The world has moved on. Nutrition has evolved. The answers are no longer buried in tiny ingredient lists or library stacks. They’re in the palm of your hand, with WISEcode.
The WISEcode app isn’t giving you 1970s advice, it’s giving you real-time power. In less than a second, it scans over one million ingredient entries across almost 700,000 packaged foods. It gives you an Ingredient Quality Score, your IQ Score,based on our Crazy Eights:
Banned ingredients
Processing level
The four artificials (sweeteners, flavors, colors, preservatives)
Seed oils
Emulsifiers
This isn’t vague advice. It’s immediate, data-driven insight. We don’t tell you what to eat. We give you the knowledge to make your own choices. That’s transparency.

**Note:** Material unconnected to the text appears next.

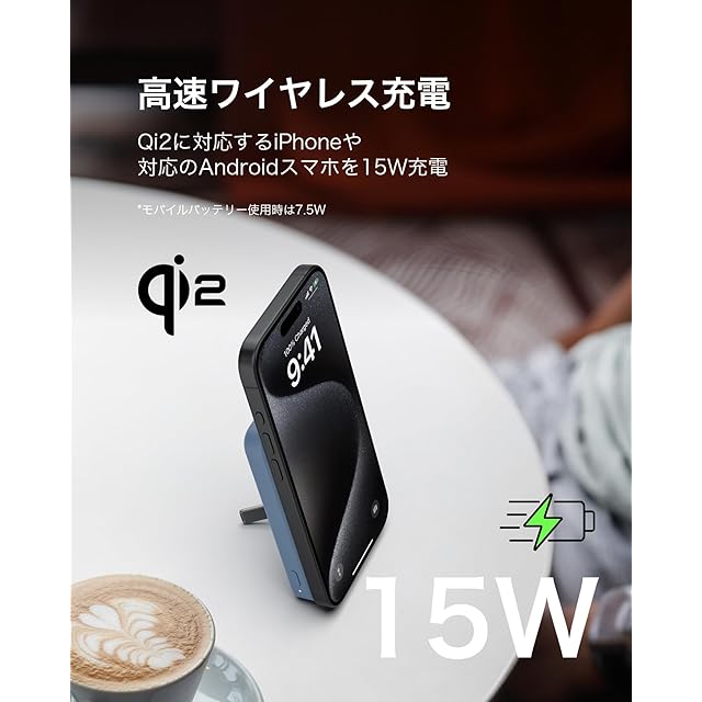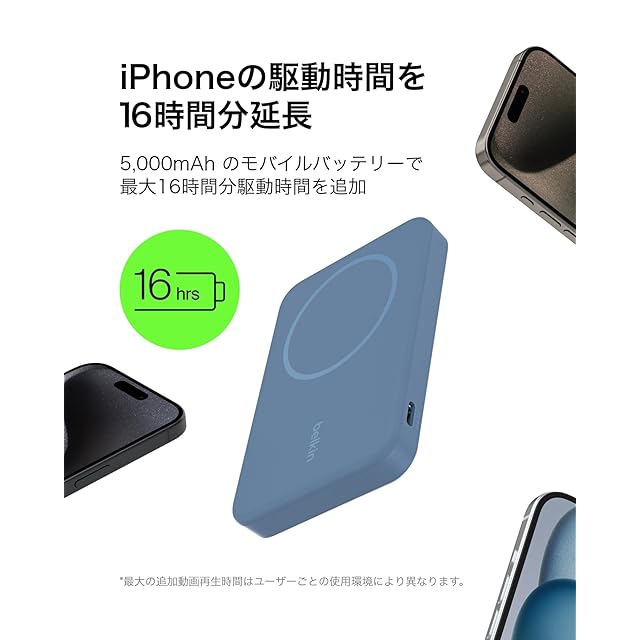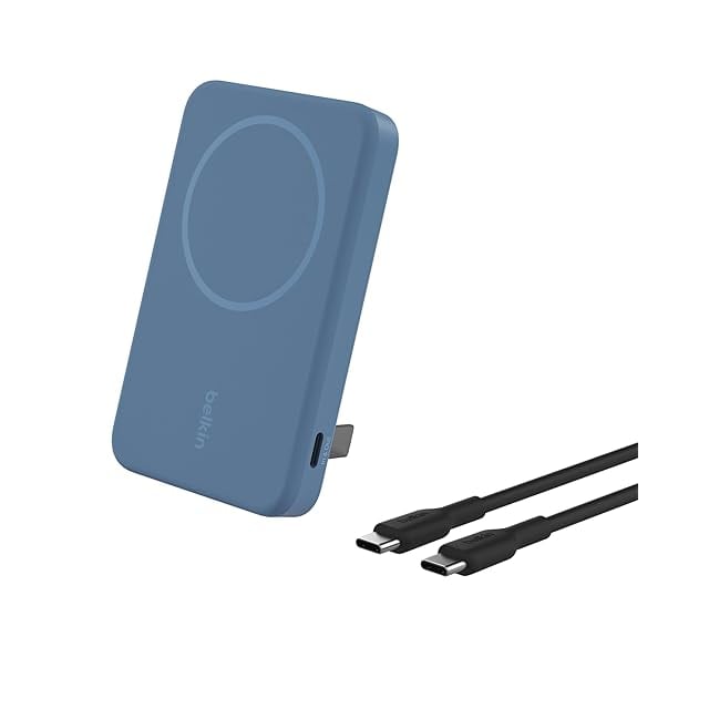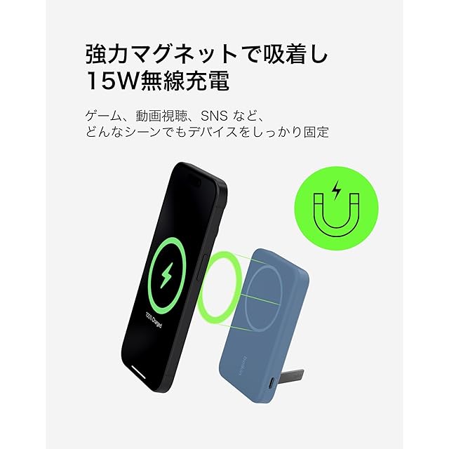 商品名:Belkin Qi2対応 ワイヤレスモバイルバッテリー 3C対応 5000mAh iPhone 16/15/14/13/12/Qi2対応Android ワイヤレス出力(7.5W) Cポート入出力 パススルー充電対応 PSE技術基準適合 機内持ち込み可能 充電用ケーブル同梱(USB-C to C 1m) メーカー2年 キックスタンド付き ブルー BPD006fqBL

You’re in the driver’s seat.
Let’s break it down:
Harvard: Read the label. Focus on a few ingredients. Do your own research. Good luck.
WISEcode: Scan. See the truth. Make an immediate, informed choice.
Harvard wants you in the stacks at Widener Library. We want you free, informed, and empowered in the aisle, at the table, and in your life.
The revolution in food transparency is already here. It just didn’t start in Cambridge.